WHAT IS IT?
-----------
     This program simulates the behavior of gas molecules in
a box.  It was one of the original CM StarLogo applications
(under the name GPCEE) and is now ported to mac StarLogo as
part of the Connected Mathematics Modeling Project. This is
a preliminary version. The final version will come out with
a set of "kinetic molecular kits" that are under development
as part of the project.
     Molecules are modeled as single particles with mass 
and velocity. Collisions with the box and between molecules 
are elastic. Particles are colored according to speed -- blue
for slow, green for medium, and red for high speeds.

HOW TO USE IT
-------------
     Because of the number of variables used in this
simulation you must open the starlogo.patch file and
increase the turtle length from 256 to 384 and the stack
size from 28 to 40.
     To start set the number of molecules by setting the
"number" slider, the initial speed by setting the "intvelc"
slider, set the initial mass of all particles by setting
the "intmass" slider, and set ths size of the box as a
percentage of the size of the StarLogo window with the
"boxsize" slider.  Using high initial velocity may cause
problems with "energy" overflowing the 32k Starlogo variable
limit.  The "setup" button will create the molecules all
with the same speed and mass. The go button will run the 
simulation. 
     As the simulation runs you can histogram the velocity
of the molecules or the energy of the molecules in the plot
window.  The plotfrq slider determines how many clock ticks
will seperate each update of the histogram and the histgrm
slider determines how many bins the histogram function will
use.  You can also plot the number of molecules of each
color or the total energy of the system as line graphs in
plot window.    

RUNNING the MODEL
-----------------

        THINGS TO NOTICE
        ----------------

        What is happening to the molecule colors?

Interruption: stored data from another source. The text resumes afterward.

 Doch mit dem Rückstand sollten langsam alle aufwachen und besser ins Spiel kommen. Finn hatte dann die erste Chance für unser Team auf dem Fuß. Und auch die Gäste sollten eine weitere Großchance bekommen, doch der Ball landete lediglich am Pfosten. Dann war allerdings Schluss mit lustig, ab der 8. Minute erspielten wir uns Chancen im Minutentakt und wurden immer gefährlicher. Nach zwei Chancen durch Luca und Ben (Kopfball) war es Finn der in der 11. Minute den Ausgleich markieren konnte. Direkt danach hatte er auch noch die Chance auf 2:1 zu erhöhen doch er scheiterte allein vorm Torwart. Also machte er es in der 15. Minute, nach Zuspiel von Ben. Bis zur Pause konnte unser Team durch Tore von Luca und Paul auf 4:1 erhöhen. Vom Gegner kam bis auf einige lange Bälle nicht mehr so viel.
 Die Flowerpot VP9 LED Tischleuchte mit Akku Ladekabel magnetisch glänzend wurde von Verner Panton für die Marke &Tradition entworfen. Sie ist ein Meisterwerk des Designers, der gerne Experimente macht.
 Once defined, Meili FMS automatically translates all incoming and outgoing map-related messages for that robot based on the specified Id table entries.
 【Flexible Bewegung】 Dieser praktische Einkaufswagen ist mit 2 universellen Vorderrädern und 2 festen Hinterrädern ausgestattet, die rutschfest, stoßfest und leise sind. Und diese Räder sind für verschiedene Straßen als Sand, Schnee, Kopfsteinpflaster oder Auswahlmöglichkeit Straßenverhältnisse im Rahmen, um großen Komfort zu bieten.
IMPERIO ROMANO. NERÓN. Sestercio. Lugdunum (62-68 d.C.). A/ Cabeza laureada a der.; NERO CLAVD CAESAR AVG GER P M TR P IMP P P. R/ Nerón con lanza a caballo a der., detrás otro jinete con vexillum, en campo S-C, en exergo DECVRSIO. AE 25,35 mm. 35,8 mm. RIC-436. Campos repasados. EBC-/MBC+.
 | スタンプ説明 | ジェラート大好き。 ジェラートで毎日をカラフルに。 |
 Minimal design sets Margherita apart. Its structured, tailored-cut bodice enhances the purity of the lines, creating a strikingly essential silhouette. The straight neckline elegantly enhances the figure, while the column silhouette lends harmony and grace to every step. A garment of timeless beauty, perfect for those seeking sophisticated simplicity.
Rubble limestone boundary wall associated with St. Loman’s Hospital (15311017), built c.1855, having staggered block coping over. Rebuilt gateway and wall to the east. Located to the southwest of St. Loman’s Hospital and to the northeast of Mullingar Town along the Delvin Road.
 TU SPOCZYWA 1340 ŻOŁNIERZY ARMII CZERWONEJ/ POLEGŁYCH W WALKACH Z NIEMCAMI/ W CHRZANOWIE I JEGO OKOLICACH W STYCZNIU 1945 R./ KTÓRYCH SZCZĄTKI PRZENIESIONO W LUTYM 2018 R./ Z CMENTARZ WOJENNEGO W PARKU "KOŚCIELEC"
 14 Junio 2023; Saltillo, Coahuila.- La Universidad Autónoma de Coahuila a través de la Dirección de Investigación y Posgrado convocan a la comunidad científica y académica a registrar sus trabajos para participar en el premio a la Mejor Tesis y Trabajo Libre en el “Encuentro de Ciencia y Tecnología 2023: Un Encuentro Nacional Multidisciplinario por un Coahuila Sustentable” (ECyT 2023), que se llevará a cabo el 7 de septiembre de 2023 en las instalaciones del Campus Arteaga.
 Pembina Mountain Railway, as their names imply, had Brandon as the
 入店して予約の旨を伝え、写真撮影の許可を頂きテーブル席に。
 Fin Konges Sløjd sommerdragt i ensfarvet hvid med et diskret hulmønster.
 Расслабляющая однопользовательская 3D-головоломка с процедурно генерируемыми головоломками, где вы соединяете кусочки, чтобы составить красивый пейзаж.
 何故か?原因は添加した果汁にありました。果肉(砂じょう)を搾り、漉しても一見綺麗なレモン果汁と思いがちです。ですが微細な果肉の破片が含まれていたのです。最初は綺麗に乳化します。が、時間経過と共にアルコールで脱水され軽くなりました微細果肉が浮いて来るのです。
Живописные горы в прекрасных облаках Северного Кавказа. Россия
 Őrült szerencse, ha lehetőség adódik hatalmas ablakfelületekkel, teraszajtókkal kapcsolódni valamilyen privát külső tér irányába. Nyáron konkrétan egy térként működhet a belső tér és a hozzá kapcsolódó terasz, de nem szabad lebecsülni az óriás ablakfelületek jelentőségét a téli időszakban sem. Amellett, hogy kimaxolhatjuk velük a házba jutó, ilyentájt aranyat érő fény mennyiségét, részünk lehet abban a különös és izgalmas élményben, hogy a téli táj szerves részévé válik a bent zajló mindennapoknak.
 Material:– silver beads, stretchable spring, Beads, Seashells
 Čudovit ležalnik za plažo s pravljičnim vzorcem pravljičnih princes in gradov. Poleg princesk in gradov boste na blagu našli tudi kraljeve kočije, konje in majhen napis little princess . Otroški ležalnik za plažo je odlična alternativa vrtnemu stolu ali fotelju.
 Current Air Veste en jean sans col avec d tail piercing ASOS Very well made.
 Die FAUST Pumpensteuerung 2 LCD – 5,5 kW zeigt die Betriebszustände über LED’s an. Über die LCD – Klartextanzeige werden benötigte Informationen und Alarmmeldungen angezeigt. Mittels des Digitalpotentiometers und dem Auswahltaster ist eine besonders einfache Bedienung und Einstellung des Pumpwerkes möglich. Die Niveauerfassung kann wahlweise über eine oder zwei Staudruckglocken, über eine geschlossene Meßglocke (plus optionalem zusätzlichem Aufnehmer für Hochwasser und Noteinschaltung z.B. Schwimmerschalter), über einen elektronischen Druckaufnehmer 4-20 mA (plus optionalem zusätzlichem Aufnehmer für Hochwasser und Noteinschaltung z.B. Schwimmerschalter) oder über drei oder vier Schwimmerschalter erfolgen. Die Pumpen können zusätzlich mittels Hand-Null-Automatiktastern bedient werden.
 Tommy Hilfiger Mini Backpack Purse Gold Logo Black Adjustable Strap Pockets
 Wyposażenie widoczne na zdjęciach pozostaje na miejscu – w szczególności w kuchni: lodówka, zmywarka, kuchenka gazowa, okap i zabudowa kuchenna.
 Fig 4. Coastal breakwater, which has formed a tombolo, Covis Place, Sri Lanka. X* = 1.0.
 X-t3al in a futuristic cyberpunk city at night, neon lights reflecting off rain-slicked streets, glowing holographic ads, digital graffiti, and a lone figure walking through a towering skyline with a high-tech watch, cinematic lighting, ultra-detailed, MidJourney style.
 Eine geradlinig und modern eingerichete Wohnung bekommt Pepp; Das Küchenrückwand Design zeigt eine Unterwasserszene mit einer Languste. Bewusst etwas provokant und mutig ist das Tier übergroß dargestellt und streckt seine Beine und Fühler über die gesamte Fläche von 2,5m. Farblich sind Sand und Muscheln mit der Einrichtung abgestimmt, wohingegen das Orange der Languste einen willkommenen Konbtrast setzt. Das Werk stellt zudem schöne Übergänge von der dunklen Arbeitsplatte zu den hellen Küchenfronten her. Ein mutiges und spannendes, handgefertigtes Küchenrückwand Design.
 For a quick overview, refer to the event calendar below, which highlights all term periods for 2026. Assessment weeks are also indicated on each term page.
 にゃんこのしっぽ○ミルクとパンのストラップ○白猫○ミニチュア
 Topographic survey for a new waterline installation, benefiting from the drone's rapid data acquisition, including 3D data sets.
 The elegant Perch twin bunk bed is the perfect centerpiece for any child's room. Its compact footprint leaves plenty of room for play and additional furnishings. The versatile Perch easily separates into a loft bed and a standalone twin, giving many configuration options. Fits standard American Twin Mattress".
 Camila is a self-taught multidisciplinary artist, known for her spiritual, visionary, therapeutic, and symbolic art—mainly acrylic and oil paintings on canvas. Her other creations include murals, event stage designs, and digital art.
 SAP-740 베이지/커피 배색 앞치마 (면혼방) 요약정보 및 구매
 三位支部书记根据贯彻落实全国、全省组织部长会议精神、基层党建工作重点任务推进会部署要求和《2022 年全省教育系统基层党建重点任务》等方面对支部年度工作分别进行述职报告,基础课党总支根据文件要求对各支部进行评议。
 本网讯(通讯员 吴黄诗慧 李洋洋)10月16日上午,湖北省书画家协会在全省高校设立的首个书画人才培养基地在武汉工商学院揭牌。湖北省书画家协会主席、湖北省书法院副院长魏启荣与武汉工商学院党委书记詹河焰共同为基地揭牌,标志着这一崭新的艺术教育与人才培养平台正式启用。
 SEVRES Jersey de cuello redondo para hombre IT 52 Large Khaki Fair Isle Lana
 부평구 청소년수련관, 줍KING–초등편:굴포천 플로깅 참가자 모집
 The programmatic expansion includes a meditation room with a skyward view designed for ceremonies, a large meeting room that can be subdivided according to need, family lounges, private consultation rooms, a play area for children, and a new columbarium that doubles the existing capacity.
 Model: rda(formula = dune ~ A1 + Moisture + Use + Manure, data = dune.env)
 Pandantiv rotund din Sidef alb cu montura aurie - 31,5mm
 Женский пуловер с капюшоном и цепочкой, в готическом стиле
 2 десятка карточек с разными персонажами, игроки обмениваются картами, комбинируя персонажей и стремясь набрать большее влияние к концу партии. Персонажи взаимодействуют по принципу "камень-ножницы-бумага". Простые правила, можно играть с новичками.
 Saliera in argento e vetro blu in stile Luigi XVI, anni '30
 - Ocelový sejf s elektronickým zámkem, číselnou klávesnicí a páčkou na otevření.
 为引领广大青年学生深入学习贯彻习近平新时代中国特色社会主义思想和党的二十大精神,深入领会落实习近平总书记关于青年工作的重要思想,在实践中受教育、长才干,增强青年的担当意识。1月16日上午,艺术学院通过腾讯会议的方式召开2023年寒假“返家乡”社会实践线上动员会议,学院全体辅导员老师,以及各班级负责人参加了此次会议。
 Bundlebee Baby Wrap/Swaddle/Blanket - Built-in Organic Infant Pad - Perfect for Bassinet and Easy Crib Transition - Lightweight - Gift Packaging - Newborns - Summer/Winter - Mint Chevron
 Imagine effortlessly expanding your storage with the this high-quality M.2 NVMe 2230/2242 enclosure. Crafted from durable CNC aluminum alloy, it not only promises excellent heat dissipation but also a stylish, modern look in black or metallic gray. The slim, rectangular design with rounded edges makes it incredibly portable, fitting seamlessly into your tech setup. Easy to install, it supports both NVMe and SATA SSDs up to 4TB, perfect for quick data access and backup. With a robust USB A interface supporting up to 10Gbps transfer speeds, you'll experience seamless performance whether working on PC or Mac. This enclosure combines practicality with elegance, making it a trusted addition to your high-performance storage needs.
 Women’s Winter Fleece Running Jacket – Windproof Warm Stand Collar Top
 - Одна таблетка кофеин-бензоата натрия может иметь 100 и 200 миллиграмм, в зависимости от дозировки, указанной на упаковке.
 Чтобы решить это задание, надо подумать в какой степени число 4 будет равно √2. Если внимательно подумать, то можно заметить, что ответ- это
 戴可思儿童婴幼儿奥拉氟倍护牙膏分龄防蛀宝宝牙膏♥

        Why are there more blue molecules than red ones?

        The molecule histograms quickly converge on the 
	classic Maxwell-Boltzman distrbution. What's special 
	about this curve?


        THINGS TO TRY
        -------------

        * Set all the molecules in the center of the box - 
	what happens?

        * Create two different gases, by setting half the 
	particles to a different mass. What happens to the 
	heavier molecules?

        * What do you notice about the histogram of speeds? 
	Are there other interesting quantities to histogram?


EXTENDING THE MODEL
-------------------

How can you measure pressure in the box?

What would happen if you introduced a piston into the box,
that compressed and released the gas?

What happens if the collisions are non-elastic?

What happens if you introduce heat and/or cold plates?

How does the 2-D model differ from the 3-D model?

What happens if the molecules are modeled as diatomic? 
multi-atomic?

STARLOGO FEATURES
-----------------

Notice the use of the plot window to do histograms. 
Histograms can also be implemented using the StarLogo window.

Collisions are detected by the turtles. What happens if we 
let the patches detect them?